Tributes have been paid to the man, thought to be Hadlow’s oldest resident, who passed away ‘peacefully’ on Saturday, June 2.

Mr Thirsk, who was born on May 30, 1914, is survived by his son, Martin, and daughter, Jane, four grandchildren, Tom, James, Tim and Kate, and a sister, Betty.

Born in Hull, Mr Thirsk spent his early life in East Yorkshire. In 1942 he joined the Intelligence Corps without knowing what to expect, after he responded to an un-ironically cryptic advertisement.

It turned out to be a good move. The analyst spent three years at Bletchley, where he tracked the movement of the German army and air force networks across Europe.

His clever detective work and analysis of German communication helped secure important information of how the enemy was operating.

In that time he met his wife Joan, who translated communications from German to English.
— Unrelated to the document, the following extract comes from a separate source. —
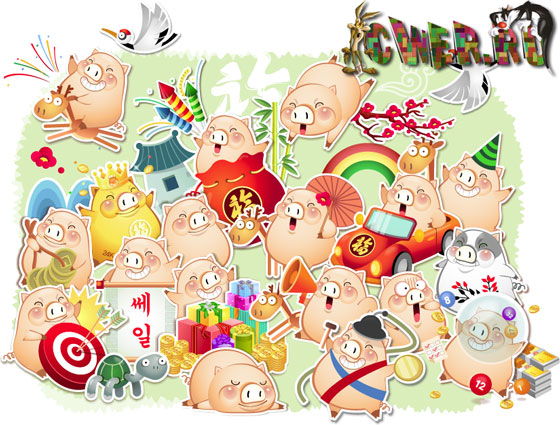 Векторный клипарт со свинками. Формат AI + JPG-превью
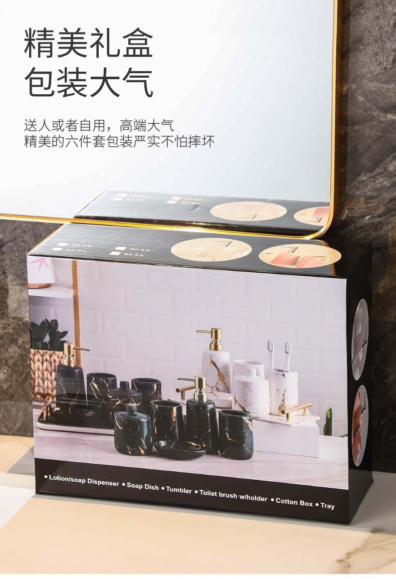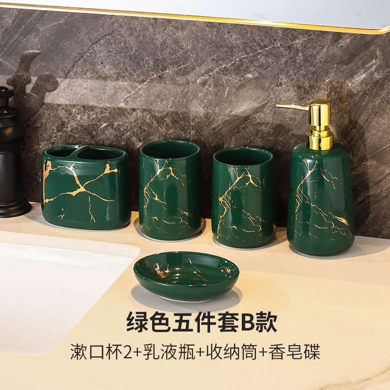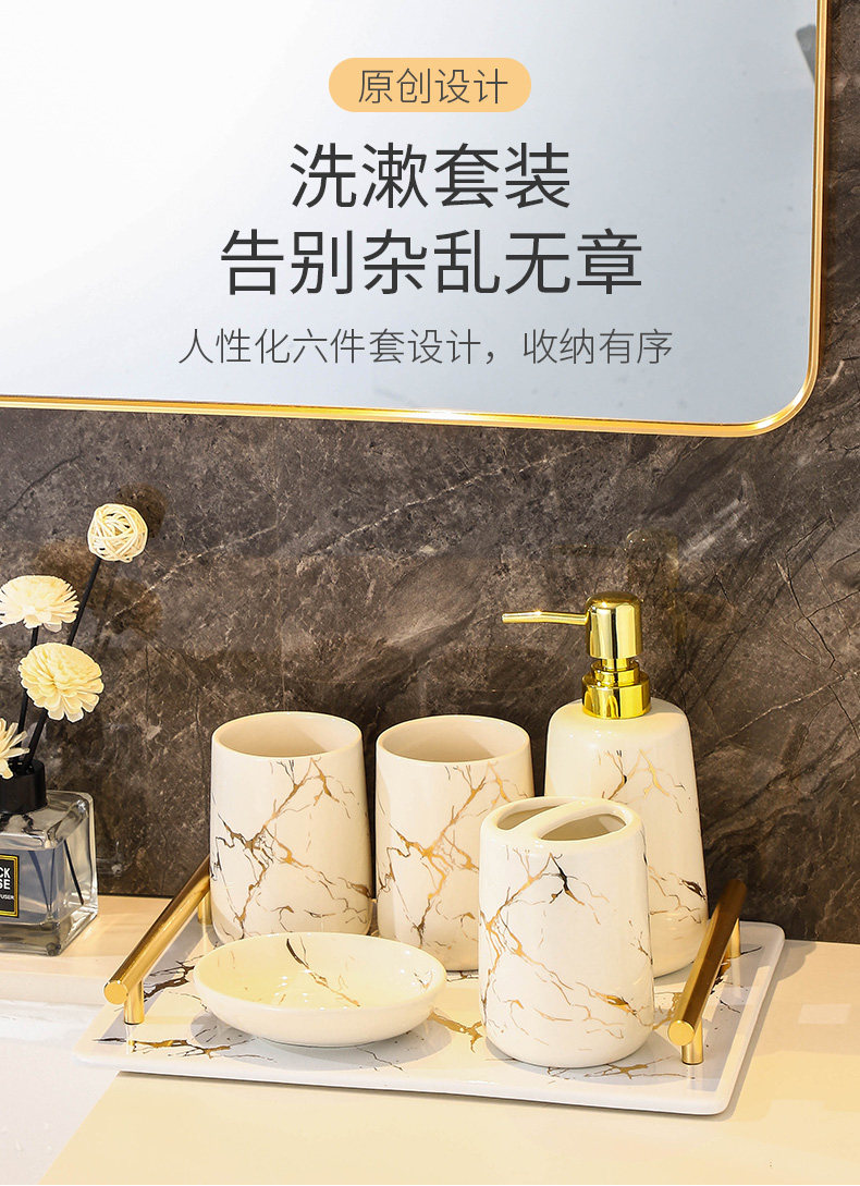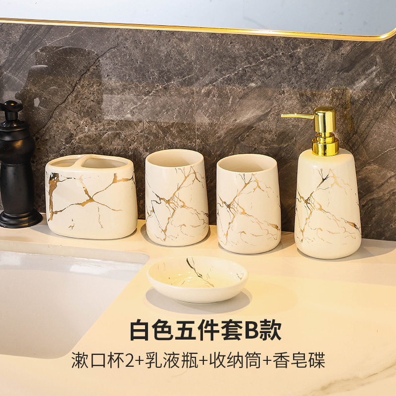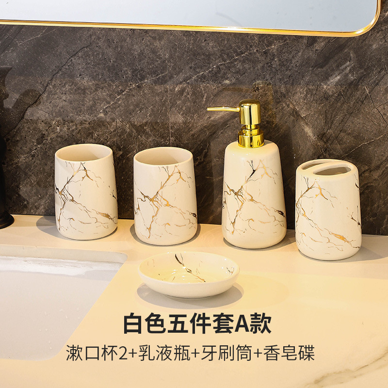 陶瓷ins卫浴五件套洗漱套装浴室用品卫生间漱口杯牙刷杯套件轻奢

The pair also assisted cryptographers who were deciphering Hitler’s Enigma Machine, an event recently showcased in the film The Imitation Game.

After the war, Mr Thirsk worked for years as a librarian and, with Joan, moved into a converted part of Hadlow Castle, off Tonbridge Road, when he was 60.

Joan, also a renowned historian, sadly died in Tunbridge Wells Hospital in 2013 aged 91.

Mr Thirsk was a regular contributor to articles but always remained modest about his own achievements.

In later life he wrote three books: A Beverley Child’s Great War (2000), Boyhood in Beverley: A Mosaic of the 1920s (2004) and a memoir of his wartime service, Bletchley Park: An Inmate’s Story (2008).

His daughter Jane Robinson told reporters: ‘He was a gentle, very calm person. Not at all rustled and never got anxious or angry.’

Funeral details are yet to be confirmed.